Principale personnalité visée par l’astreinte territoriale de plusieurs opposants, Jean Ping s’est prononcé sur cette décision gouvernementale dans une interview accordée au magazine français L’Obs. Si la mesure a été levée, elle a tout de même arraché quelques commentaires acerbes au principal concerné : «ils ont voulu nous rappeler que nous étions en sursis», a déclaré Jean Ping.
Plusieurs sujets d’actualité ont été abordés par Jean Ping, dans l’interview accordée le 10 septembre à L’Obs, un magazine d’actualité française. Parmi ces sujets, figure en bonne place l’astreinte territoriale des opposants. En effet, ce dernier a récemment été accusé de «trouble à l’ordre public» et interdit de quitter le territoire, comme plusieurs personnalités d’opposition, avant que la mesure ne soit levée par le ministère de l’Intérieur le 8 septembre.

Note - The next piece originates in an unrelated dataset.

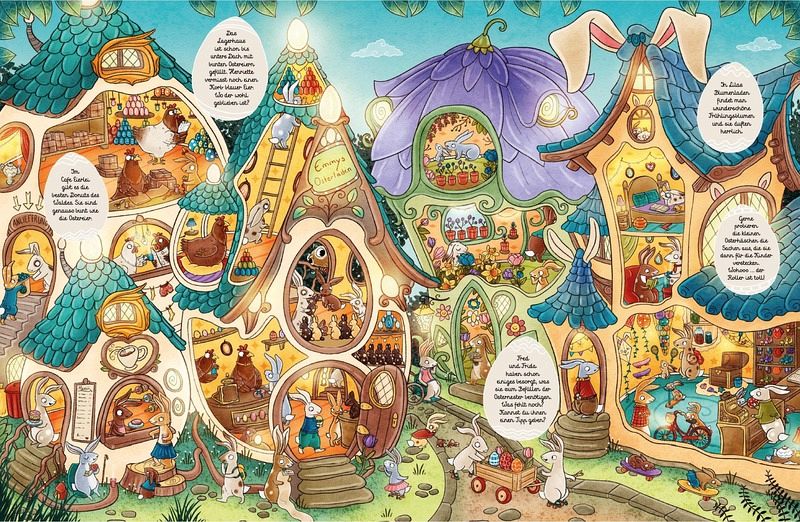 Öffne einfach das Wimmelbuch und komm mit in die zauberhafte Osterhasenwelt!
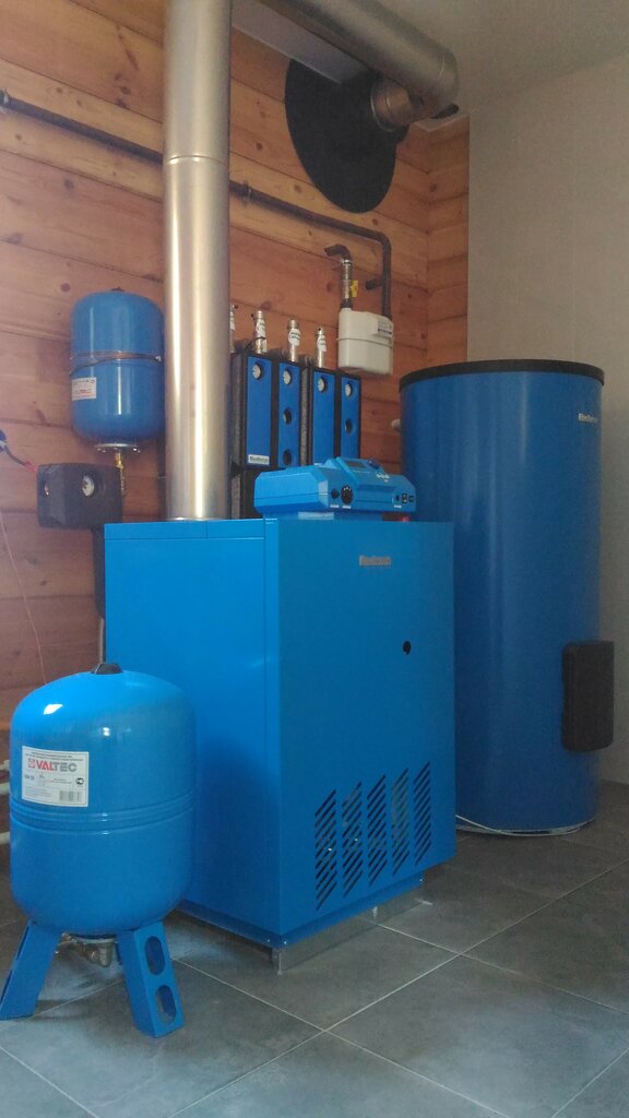 Индивидуальной сборки газовая котельная для частного дома площадью 150 - 200 м2 с газовым котлом, мощностью 24 квт, с бойлером косвенного нагрева 200 л, с дымоходом и расширительными баками, с запорной арматурой, трубопроводами и всеми необходимым...

«Nous vivons dans une dictature brutale, violente, qui bafoue quotidiennement toutes les libertés fondamentales», a déploré Jean Ping. «Le 31 août marque la date anniversaire du massacre de 300 manifestants de l’opposition, au lendemain des élections truquées qui ont portée Ali au pouvoir… Ils savaient que nous allions célébrer nos martyrs. Ils ont voulu nous rappeler que nous étions en sursis, sous une épée de Damoclès», a poursuivi Jean Ping.
Pour lui, cette mesure n’était que le prolongement d’une situation perdurant depuis la fin de la présidentielle 2016. «Depuis un an, un an et demi, ma résidence est encerclée par les forces de l’ordre. Je ne sais pas si c’est pour me protéger ou pour m’assigner à résidence… C’est vrai, ils ne m’empêchent pas de sortir, mais ils sont constamment derrière moi», a-t-il déploré. «Au Gabon, tout le monde sait que je suis menacé : la presse, l’opposition, l’opinion publique. Je fais attention à tout», s’est-il permis d’ajouter.
Qu’à cela ne tienne, Jean Ping est convaincu que le pouvoir symbolisé par Ali Bongo cèdera tôt ou tard. «Ali va partir. D’une manière ou d’une autre. Cela peut prendre, deux ou trois mois, peut-être moins, peut-être un peu plus, mais cela finira par arriver», a-t-il affirmé. Pour le candidat à la dernière présidentielle, deux options s’offrent ainsi à l’actuel chef de l’Etat.
«Première option : il part car il est gravement malade, comme on le dit à Libreville, mais je n’y crois pas. On dit aussi qu’il peut s’enfuir, mais ce n’est pas le plus probable. Deuxième option : ses propres partisans vont l’abattre car il est devenu gênant. A l’intérieur du Mouvement gabonais des amis d’Ali bongo Ondimba (Mogabo), son propre camp, ses hommes lui cherchent déjà un successeur», a confié Jean Ping.
En attendant l’une ou l’autre de ces hypothétiques issues, Jean Ping a dit tempérer ses partisans et, plus généralement, les Gabonais. «J’essaie de calmer les Gabonais, mais ce n’est pas facile. Quand je leur dis de patienter, ils me soupçonnent d’être prêt à me compromettre. Or c’est exclu (…) Mes partisans me disent que si je passe un compromis quelconque avec Ali, ils s’en prendront à moi et mettront le feu à ma demeure», a-t-il indiqué.
Par ailleurs, Jean Ping a également dit compter sur des soutiens extérieurs pour faire chuter le régime d’Ali Bongo. «Je bénéficie de soutiens importants dans le monde, même s’il m’est difficile de les nommer. Je peux juste vous dire que j’ai des partisans importants au sein de l’Union Africaine. Ils me l’ont fait savoir», a-t-il soutenu.
Tout comme il a présenté un certain nombre de garanties à Ali Bongo en cas de départ : «Quant à Ali, s’il s’en va, je suis prêt à lui garantir trois choses. Qu’il puisse circuler librement, partir et revenir. La sécurité de ses biens. Je promets enfin au pays un processus de paix, comme l’a fait Mandela en Afrique du sud : Justice et réconciliation», a conclu Jean Ping.